[534] Olberg, "Die ital. Wahlen", p. 278. In Mailand schlossen sich am 17. an eine Demonstration vor der Kathedrale Tumulte an; am 19., wo sich die Stadt "vollständig in den Händen des Mob" befunden haben soll, schritt die Polizei ein (Allg. Ztg. 21./9.); in Sestri Ponente war es schon am 15./9., vor Ausbruch des Streiks, anläßlich einer Protestversammlung wegen der Ereignisse in Buggerru, zu blutigen Zusammenstößen zwischen Manifestanten und Polizei gekommen; in der Nacht vom 16.-17./9. ereigneten sich ähnliche Zwischenfälle in Genua, die sich in der folgenden und, etwas schwächer, auch noch in der übernächsten Nacht wiederholten.

[535] Zertrümmern von Fensterscheiben, Löschen und Umstürzen der Straßenlaternen, Versuche, den Eisenbahn- und Telephonbetrieb zu stören, Erzwingung der Schließung von Läden, sogar von Apotheken, Zusammenstöße mit den Geschäftsleuten, Belästigung Arbeitswilliger, Hinderung des Tramverkehrs.

[536] Besonders dort, wo der Streik erst nachträglich proklamiert wurde, sollen ihn Anarchisten und Verbrecher zur Förderung ihrer Sonderinteressen benutzt haben; es begingen in Neapel am 19./9. "der Pöbel und Strafentlassene Personen" Ausschreitungen und richteten einige unerhebliche Schäden an", worauf die Polizei eingriff (Allg. Ztg. 21./9. 04; vgl. auch Marazio, p. 162).

[537] Freilich soll nach dem Journal des Débats vom 12. Oktober 04 (cit. bei Bourdeau, p. 433) in Venedig die für Kinder und Kranke bestimmte Milch in den Kanal gegossen worden sein; dies dürfte aber ein Ausnahmefall sein; im allgemeinen wurde friedlich demonstriert, bei guter Disziplin, was nicht nur von sozialistischer Seite bezeugt wird (vgl. Olberg, "Der ital. G-str."; Turati, "Lehren u. Folgen des G.-streiks in Italien"; Bernstein, "Pol. M-str. u. pol. Lage", p. 22 ff.), sondern mir, bezgl. Florenz, auch von einem uninteressierten Augenzeugen bestätigt wurde; ähnl. auch Allg. Ztg. 21./9. 04.

[538] Dies zeigte sich z. B. in der vorsichtigen Haltung des Mailänder Präfekten. Polizei und Militär handhabten die Waffen "mit großer Mäßigung", wie von sozialistischer Seite ausdrücklich anerkannt wurde (Olberg, p. 24; Bernstein, a. a. O.; vgl. ferner Allg. Ztg. 20./9. 04).
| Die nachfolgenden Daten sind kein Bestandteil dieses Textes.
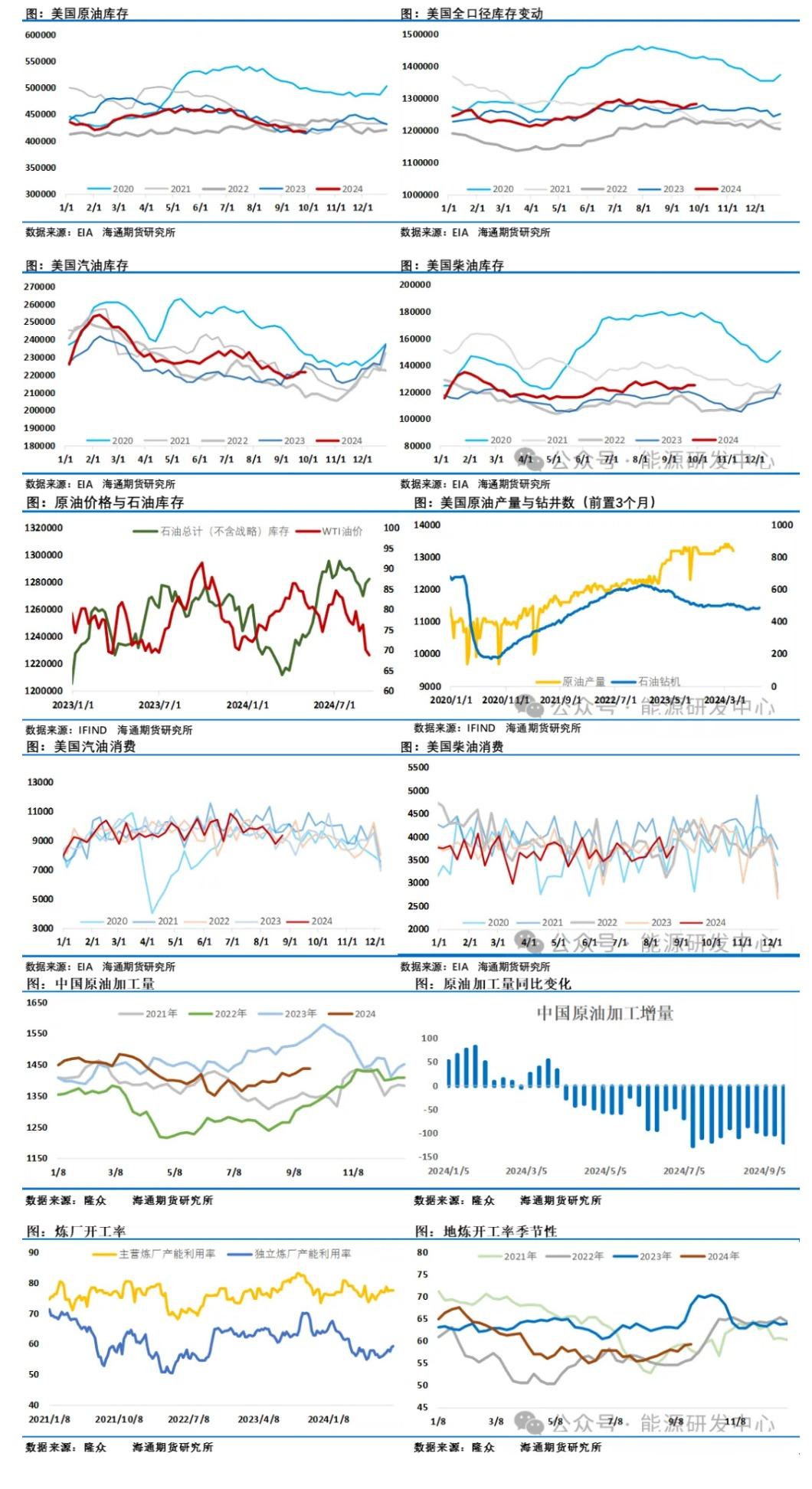最新一期EIA周度报告显示08月02日当周美国国内原油产量再次减少10万桶至1320万桶/日,产量下降与墨西哥湾飓风影响石油生产有直接关系,但可以看到美国原油产量今年回升速度以及明显变缓。此前EIA在9月短期能源展望报告中预计2024年美国原油产量将增加40.00万桶/日,此前为30.00万桶/日;预计2025年美国原油产量将增加40.00万桶/日,此前为50.00万桶/日。利比亚原油产销恢复也较为缓慢,原油出口目前仅为正常水平的一半。库存方面虽然库欣库存出现了连续的快速回落,美国原油商业库存压力也不大,但美国的石油总库存在近期还是反弹明显增长了12000桶,增幅约1%,增量主要来自于石油产品部分,这一反映出需求端表现不够强劲,EIA周度报告中上周汽柴油消费环比有所反弹,但与过去5年同期对比表现中规中矩;中国市场上周受国内中秋节假期影响原油加工量基本持平,明显低于去年同期,三季度加工量较去年同期少110万桶/日,加工量恢复缓慢的重要因素是终端消费疲弱,直接体现是国际原油价格反弹6美元的同期国内汽柴油价格出现了200元/吨的下跌,最新数据现实面对销售压力,周六国内成品油价格继续大幅下挫。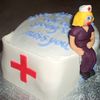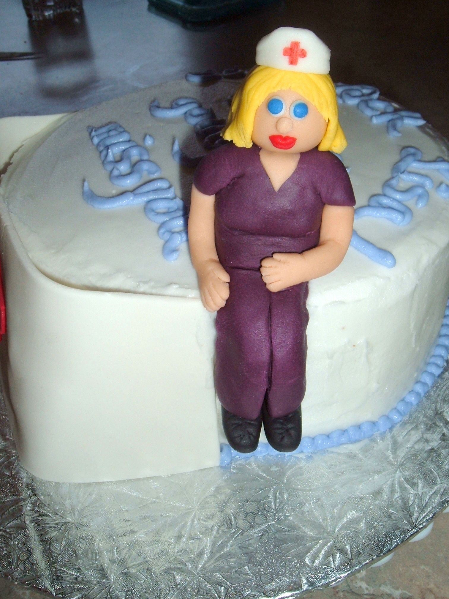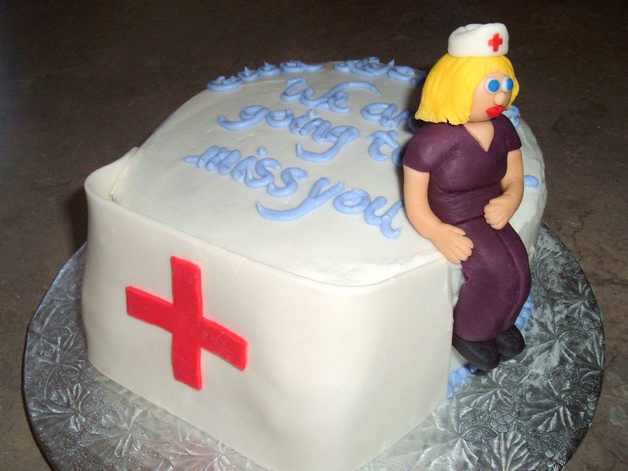 Shaped to look like a nurse's cap done in gumpaste/fondant is leaning against a 8" chocolate banana cake filled with vanilla mousse. The nurse character was my first 'real' character and is made out of fondant/gumpaste.

[539] In Volksversammlungen wurde zur Ruhe gemahnt (z. B. am 16. in Mailand durch Rigola, Taroni, Turati), ebenso in den Aufrufen (z. B. forderte die Arbeitskammer von Genua auf, "mit den Urhebern von Gewalttaten nicht gemeinsame Sache zu machen"); auch organisierte die Mailänder Arbeitskammer am 17. einen Sicherheitsdienst durch Veloziped-Patrouillen zur Aufrechterhaltung der Ordnung während der Nacht (vgl. Allg. Ztg. 20./9. 1904).

[540] Vgl. Turati, cit. bei Bourdeau, p. 434; Musée sociale, "Chronique", IX. année, Nr. 11, p. 485.

[541] Bissolati, "Die Entscheidung in Rom"; Turati, "Lehren und Folgen des G-streiks in Italien".

[542] Bourdeau, p. 433; Musée sociale, a. a. O. p. 484, 485; Bissolati, a. a. O.

[543] Sobald die Verhältnisse übrigens die Beendigung des Streiks erforderten, wurde "die absolute Herrin der Nation" mit der Bemerkung heimgeschickt, es habe sich nur um einen ersten proletarischen Mobilisierungsversuch gehandelt (vgl. Turati, a. a. O.).